I don't see where there was a mistake I was making there. I was suspicious that there was proof that the Taliban killed someone based on the leak and you're basically saying that they may have done but there's no proof of it.

In addition I was further suspicious that if the government flat out says that there was proof (as NGTM-1R claimed) and Manning had plead to it, that it would still turn out to be more like the situation you describe.

The mistake you were making was in assuming there is likelihood of improper factual statements in a guilty plea.  In point of fact, the liklihood of non-factually support statements in the American equivalent of an "agreed statement of facts" is very low as it has to be drafted by both prosecution and defense, agreed to, and factually supported by the evidence available.  It is then subject to judicial review.  These documents can contain errors and inaccuracies, but the likelihood of that happening during a guilty plea in a high-profile case is exceptionally low.

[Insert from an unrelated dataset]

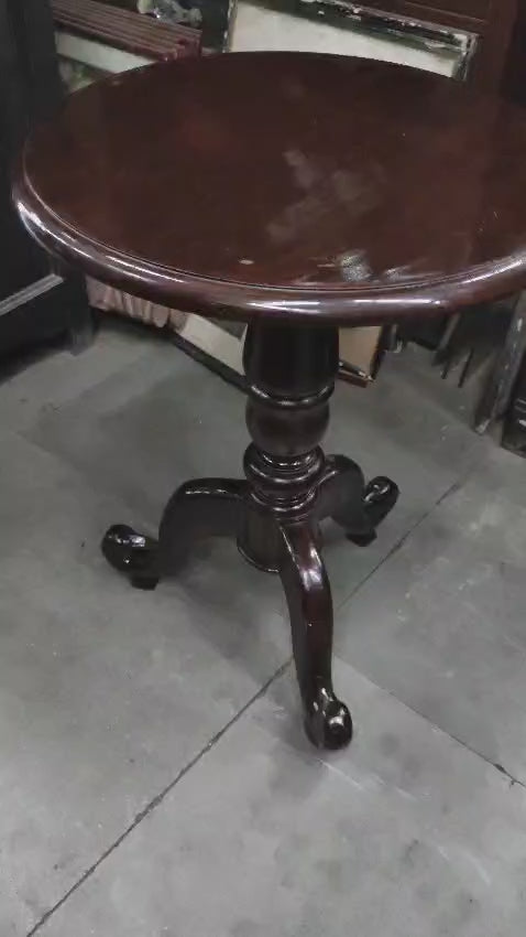 Crafted around 1994, this antique teakwood table showcases a circular top supported by a finely turned pedestal with curved tripod-style legs, reflecting timeless furniture styles of the early 1990s. The smooth finish and sculpted base give it a distinctive and elegant presence.

The "agreed statement of facts" or equivalent in most judicial systems is the closest thing to a factual record of the crime and is considerably more reliable than any judicial or juridical findings in a case, particularly in the United States and Canada (Britain's system differs due to differences in rights and inferences that can be drawn based on testimony).  In that regard, statements made in a guilty plea are ordinarily quite reliable if a defendant is well-represented, and Manning was.

NGTM-1R's error, on the other hand, was factual - there is no definitive evidence that the death in Afghanistan attributed to the leak by the Taliban was actually due to the content of the leak itself.